然后我们将这些参数带入,看看每一步是怎样运行的.

数据产生 generate data

首先,是产生带标签和不带标签数据的索引,其在cifar.py文件中的代码分析见上篇

base_dataset = datasets.CIFAR10(
        './CIFAR10', train=True, download=True)
labels = base_dataset.targets
label_per_class = 4000 // 10
labels = np.array(labels)
labeled_idx = []
# unlabeled data: all data (https://github.com/kekmodel/FixMatch-pytorch/issues/10)
unlabeled_idx = np.array(range(len(labels)))
for i in range(10):
    idx = np.where(labels == i)[0]
    idx = np.random.choice(idx, label_per_class, False)
    labeled_idx.extend(idx)
labeled_idx = np.array(labeled_idx)
print('number labeled_idx =',len(labeled_idx))
assert len(labeled_idx) == 4000

if True or 4000 < 64:
    num_expand_x = math.ceil(
        64 * 1024 / 4000)  #16.384 = 17
    labeled_idx = np.hstack([labeled_idx for _ in range(num_expand_x)])
np.random.shuffle(labeled_idx)
print('number labeled_idx = ',len(labeled_idx))
print('number unlabeled_idx =', len(unlabeled_idx))
train_labeled_idxs = labeled_idx
train_unlabeled_idxs = unlabeled_idx

结果如下,不带标签的数据使用了所有的数据,而带标签的数据经过数据扩增之后为68000个

number labeled_idx = 4000
number labeled_idx =  68000
number unlabeled_idx = 50000

让我们看一下图片的变化
首先,是不带任何变化的原始数据图像:

train_labeled_dataset = CIFAR10SSL(
        './data', train_labeled_idxs, train=True,
        transform=transforms.ToTensor())
train_iter = iter(train_labeled_dataset)
# 可视化方法,重复执行可得到不同的图片数据
imgs, label = next(train_iter)
print(image.size) # (32, 32)
image = transforms.ToPILImage()(imgs).convert('RGB')
image.show()
print(label)

在这里插入图片描述
然后,我们使用不带数据增强的变化,也就是作者对验证集使用的图像变化. ToTensor()能够把灰度范围从0-255变换到0-1之间,而后面的transform.Normalize()则把0-1变换到(-1,1). 注意图片大小没有变化,只是我截图的时候放大了图片.

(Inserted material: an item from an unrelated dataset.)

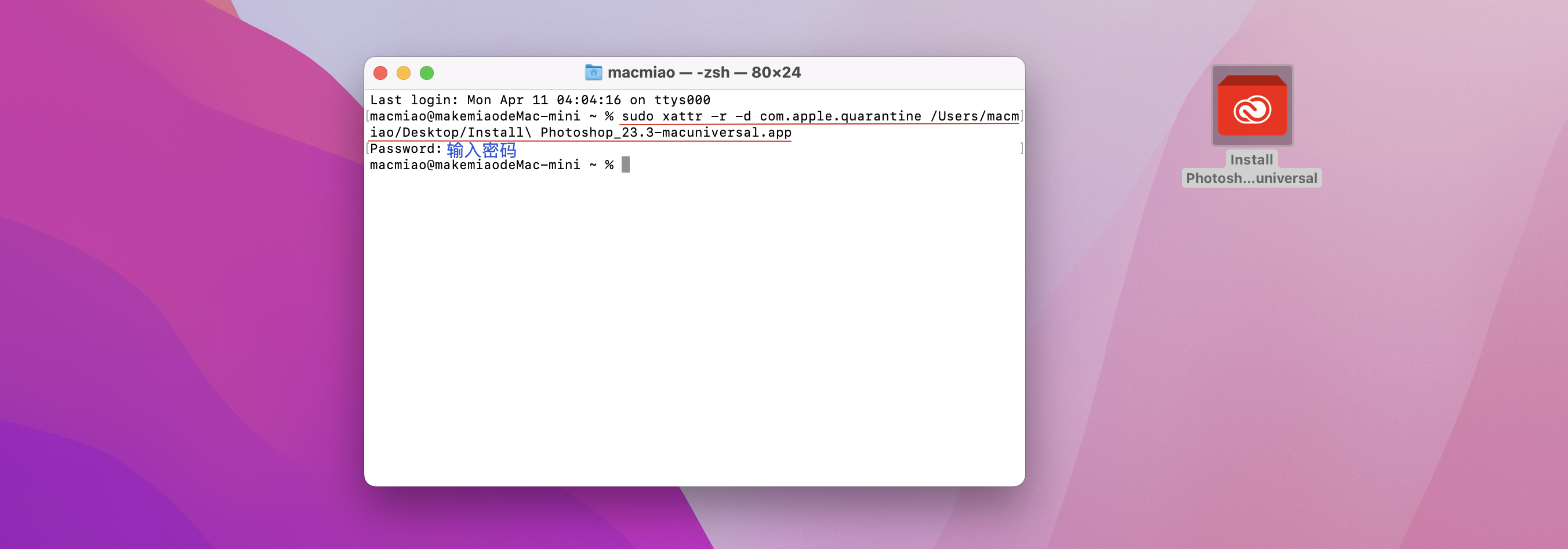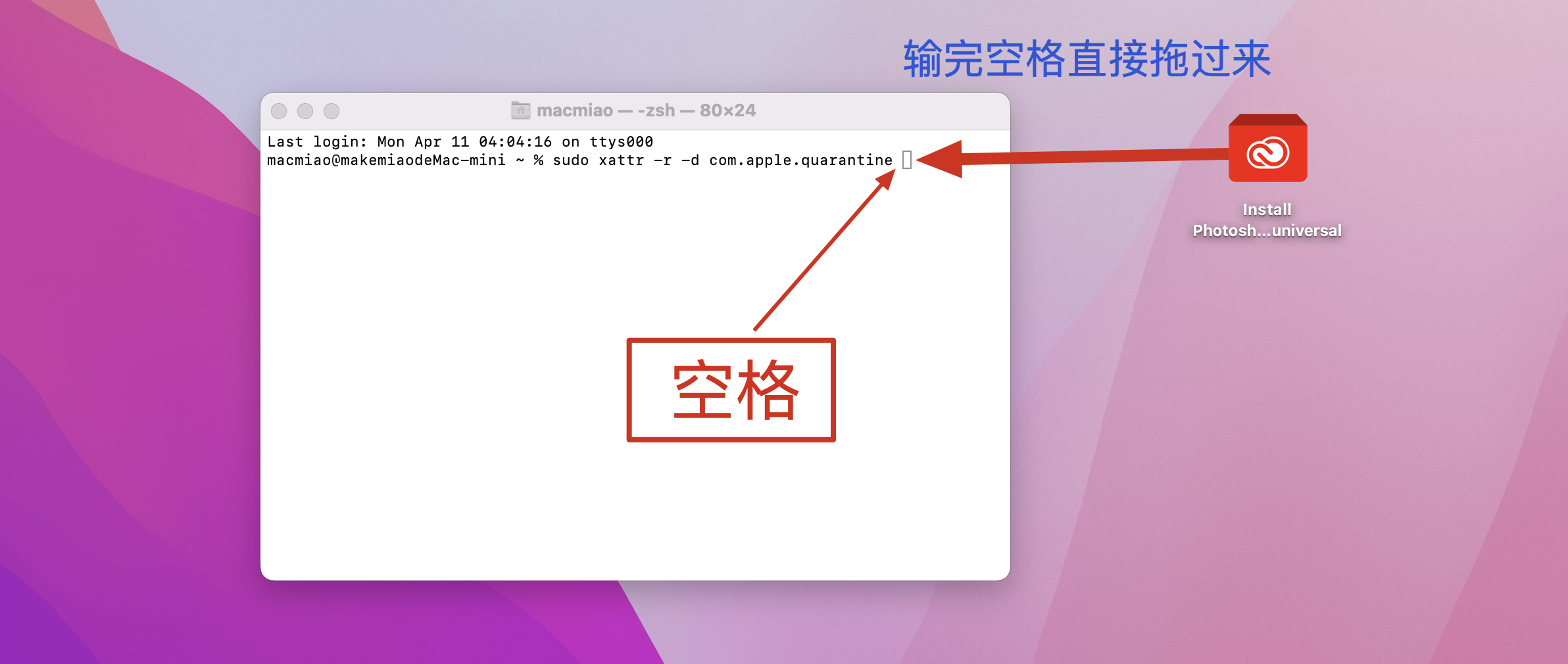 打开终端输入sudo xattr -r -d com.apple.quarantine,加空格,把install安装器拖到终端,按回车。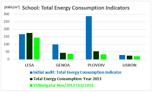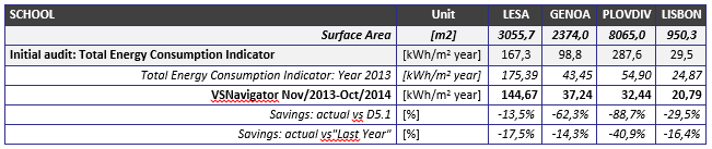 Efficiency is here intended as a process that optimizes the Energy Management System, during decisions phases, future planning, current management, correction of the on-going operational program. All these phases always complying with the practices of the ISO 50001 International Standard. Focusing on Pilot activities, VSNavigator and the VERYSchool project as well, has been demonstrated and validated through one year of real-size field tests, measurement and feedbacks for improvements. The entire project helped to promote, guide, disseminate and raise awareness in school organization, with the new technology, VSNavigator, as focal point to understand how schools currently manage their energy programs, how they identify possible barriers, how they promote opportunities and share best practices. It is to underline that any reference to the school building, or school organization, automatically extends to the general concept of “building” or “organization”.

cifar10_mean = (0.4914, 0.4822, 0.4465)
cifar10_std = (0.2471, 0.2435, 0.2616)
transform_val = transforms.Compose([
    transforms.ToTensor(),
    transforms.Normalize(mean=cifar10_mean, std=cifar10_std)])
train_labeled_dataset = CIFAR10SSL(
        './data', train_labeled_idxs, train=True,
        transform=transform_val)
train_iter = iter(train_labeled_dataset)

imgs, label = next(train_iter)
print(image.size) # (32, 32)
image = transforms.ToPILImage()(imgs).convert('RGB')
image.show()
print(label)

在这里插入图片描述
然后我们看看带数据的图片所使用的数据增强(两次)

cifar10_mean = (0.4914, 0.4822, 0.4465)
cifar10_std = (0.2471, 0.2435, 0.2616)
transform_labeled = transforms.Compose([
    transforms.RandomHorizontalFlip(), #Horizontally flip the given image randomly with a given probability.
    transforms.RandomCrop(size=32,
                          padding=int(32*0.125),
                          padding_mode='reflect'),
    transforms.ToTensor(),
    transforms.Normalize(mean=cifar10_mean, std=cifar10_std)
])
train_labeled_dataset = CIFAR10SSL(
        './data', train_labeled_idxs, train=True,
        transform=transform_labeled)
train_iter = iter(train_labeled_dataset)

imgs, label = next(train_iter)
print(image.size) # (32, 32)
image = transforms.ToPILImage()(imgs).convert('RGB')
image.show()
print(label) # 2 

在这里插入图片描述在这里插入图片描述

对于不带数据的标签,我们有两种数据增强,弱增强和强增强. 强增强操作在论文中的描述.
在这里插入图片描述
在这里插入图片描述

class TransformFixMatch(object):
    def __init__(self, mean, std):
        self.weak = transforms.Compose([
            transforms.RandomHorizontalFlip(),
            transforms.RandomCrop(size=32,
                                  padding=int(32*0.125),
                                  padding_mode='reflect')])
        self.strong = transforms.Compose([
            transforms.RandomHorizontalFlip(),
            transforms.RandomCrop(size=32,
                                  padding=int(32*0.125),
                                  padding_mode='reflect'),
            RandAugmentMC(n=2, m=10)])
        self.normalize = transforms.Compose([
            transforms.ToTensor(),
            transforms.Normalize(mean=mean, std=std)])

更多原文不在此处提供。